The Sunday Eight O'Clock/Trifling Irritations
MOST men could have a leg cut off or receive a refusal of marriage from the girl they love with fortitude and resignation; it is the trifling irritations of life that try our courage and wreck our nervous systems. We can meet death without winking an eye lash, but cold pancakes for breakfast or a lost collar button unfits us for business for the day. Our friends and our reputations are often made or lost by the way in which we meet the seemingly insignificant situations of life.
I knew a man once who lived with his wife twenty years. They stood by each other through all sorts of sorrows and disasters, but he finally applied for a divorce. She had a persistent habit of taking his soiled handkerchief out of his pocket each evening and substituting a fresh one. It was a violation of his rights, which could not be brooked, and which bade fair to sour his whole disposition; he tried in vain to break her of the practice, and, failing in this, sought release from the annoyance through the divorce courts. Yet they had met with heroism and fortitude the serious things of life.
It is seldom the vital or the important occurrences which try our tempers or upset us, or make home heaven or hell for us; it is the trifling thing, the unexpected annoyance or omission.
Many of these things are largely matters of personal temperament to which we yield without a struggle. We even become elated or take pride in the fact, at times, that there are certain things which we do not like or which we can not stand. Some men boast of their little foibles or irritations as if they were an asset rather than a liability.

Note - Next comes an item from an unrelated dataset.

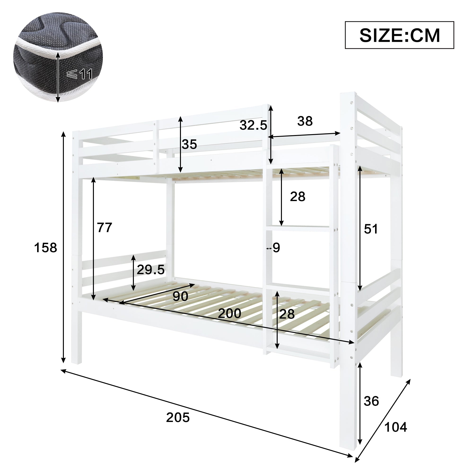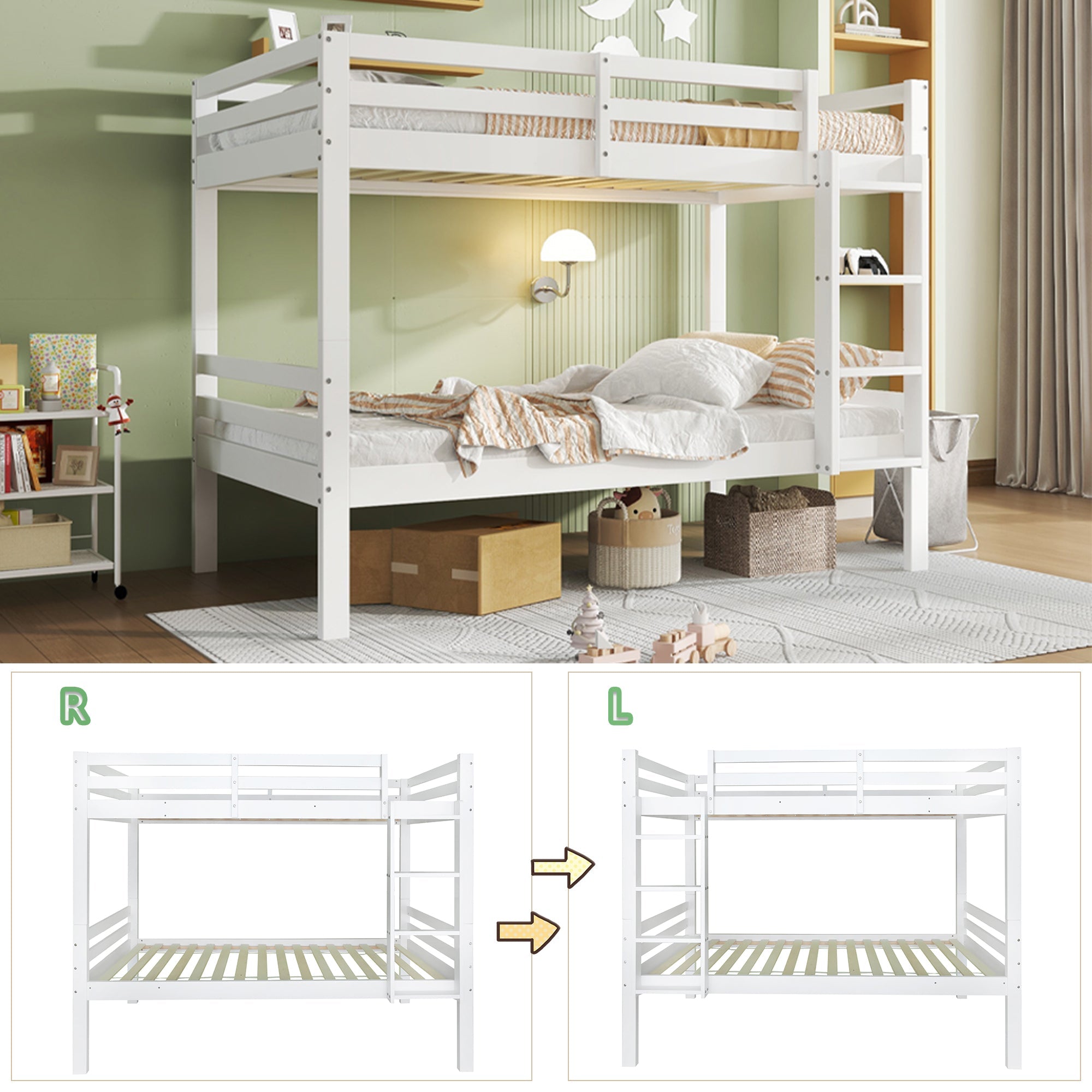 Bunk Bed for Children, Angled Ladder Fall Protection Divisible 2 Single Beds, Pine Frame White 90x200cm

I heard a man admit the other day that a corroded pen, or a dry inkwell, or a waste paper basket put thoughtfully out of reach by the janitor did more to disturb his equanimity than a dozen difficult customers would have done.
In my undergraduate day I saw an otherwise well balanced instructor,—an experienced middle aged gentleman,—thrown into a frenzy because his hat dropped twice from the hook on which he was trying to hang it. He would have met a crisis in life with composure and complete placidity.
Perhaps when we learn to estimate men's characters justly it will not be wholly from the great crises which they meet, but by the trifling irritations as well which they are able to overlook or to control.